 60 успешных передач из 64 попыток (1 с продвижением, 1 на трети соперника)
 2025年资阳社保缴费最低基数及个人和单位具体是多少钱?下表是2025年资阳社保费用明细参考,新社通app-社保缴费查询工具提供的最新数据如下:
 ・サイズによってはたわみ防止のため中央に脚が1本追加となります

━━━━━━━━━━

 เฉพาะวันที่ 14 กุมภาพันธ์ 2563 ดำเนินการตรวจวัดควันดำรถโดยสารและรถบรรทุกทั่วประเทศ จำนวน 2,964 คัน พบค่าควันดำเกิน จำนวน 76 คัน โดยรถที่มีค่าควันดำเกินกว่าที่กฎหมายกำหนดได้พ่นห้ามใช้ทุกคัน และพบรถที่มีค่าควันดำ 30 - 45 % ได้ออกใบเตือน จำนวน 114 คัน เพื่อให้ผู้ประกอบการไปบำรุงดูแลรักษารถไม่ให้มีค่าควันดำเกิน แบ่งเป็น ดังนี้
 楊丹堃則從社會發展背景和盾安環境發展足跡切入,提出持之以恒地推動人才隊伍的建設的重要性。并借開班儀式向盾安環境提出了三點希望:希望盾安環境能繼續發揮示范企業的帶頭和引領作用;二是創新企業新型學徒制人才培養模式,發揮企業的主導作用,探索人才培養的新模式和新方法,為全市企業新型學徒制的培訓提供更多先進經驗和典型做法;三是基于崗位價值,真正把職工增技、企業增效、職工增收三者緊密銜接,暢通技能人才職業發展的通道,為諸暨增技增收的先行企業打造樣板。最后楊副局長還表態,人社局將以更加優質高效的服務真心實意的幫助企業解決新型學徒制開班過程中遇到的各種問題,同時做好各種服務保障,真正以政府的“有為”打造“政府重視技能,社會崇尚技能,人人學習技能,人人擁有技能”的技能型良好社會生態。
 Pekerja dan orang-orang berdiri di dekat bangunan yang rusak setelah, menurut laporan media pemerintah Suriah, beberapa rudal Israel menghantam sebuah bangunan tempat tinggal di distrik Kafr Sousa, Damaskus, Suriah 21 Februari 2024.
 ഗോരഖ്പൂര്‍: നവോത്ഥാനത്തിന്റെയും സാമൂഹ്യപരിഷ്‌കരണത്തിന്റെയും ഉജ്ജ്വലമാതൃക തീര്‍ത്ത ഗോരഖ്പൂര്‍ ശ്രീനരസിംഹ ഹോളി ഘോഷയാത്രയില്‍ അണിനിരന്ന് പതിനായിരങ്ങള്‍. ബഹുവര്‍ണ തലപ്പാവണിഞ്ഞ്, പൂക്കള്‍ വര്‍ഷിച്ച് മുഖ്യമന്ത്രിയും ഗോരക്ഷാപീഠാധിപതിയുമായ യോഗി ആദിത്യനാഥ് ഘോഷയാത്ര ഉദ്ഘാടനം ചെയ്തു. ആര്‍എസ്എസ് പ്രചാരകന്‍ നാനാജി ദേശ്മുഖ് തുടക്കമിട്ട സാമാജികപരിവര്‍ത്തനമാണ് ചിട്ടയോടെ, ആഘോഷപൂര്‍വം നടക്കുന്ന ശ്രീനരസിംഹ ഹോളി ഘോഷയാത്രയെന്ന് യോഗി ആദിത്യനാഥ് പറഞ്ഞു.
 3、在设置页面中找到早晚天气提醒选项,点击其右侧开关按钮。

━━━━━━━━━━

Activity: There is a line with "ഗോരഖ്പൂര്‍: നവോത്ഥാനത്തിന്റെയും സാമൂഹ്യപരിഷ്‌കരണത്തിന്റെയും" and a line with "3、在设置页面中找到早晚天气提醒选项,点击其右侧开关按钮。" above. Copy exactly those two lines and all lines between them, with nothing else.

Answer below:
 ഗോരഖ്പൂര്‍: നവോത്ഥാനത്തിന്റെയും സാമൂഹ്യപരിഷ്‌കരണത്തിന്റെയും ഉജ്ജ്വലമാതൃക തീര്‍ത്ത ഗോരഖ്പൂര്‍ ശ്രീനരസിംഹ ഹോളി ഘോഷയാത്രയില്‍ അണിനിരന്ന് പതിനായിരങ്ങള്‍. ബഹുവര്‍ണ തലപ്പാവണിഞ്ഞ്, പൂക്കള്‍ വര്‍ഷിച്ച് മുഖ്യമന്ത്രിയും ഗോരക്ഷാപീഠാധിപതിയുമായ യോഗി ആദിത്യനാഥ് ഘോഷയാത്ര ഉദ്ഘാടനം ചെയ്തു. ആര്‍എസ്എസ് പ്രചാരകന്‍ നാനാജി ദേശ്മുഖ് തുടക്കമിട്ട സാമാജികപരിവര്‍ത്തനമാണ് ചിട്ടയോടെ, ആഘോഷപൂര്‍വം നടക്കുന്ന ശ്രീനരസിംഹ ഹോളി ഘോഷയാത്രയെന്ന് യോഗി ആദിത്യനാഥ് പറഞ്ഞു.
 3、在设置页面中找到早晚天气提醒选项,点击其右侧开关按钮。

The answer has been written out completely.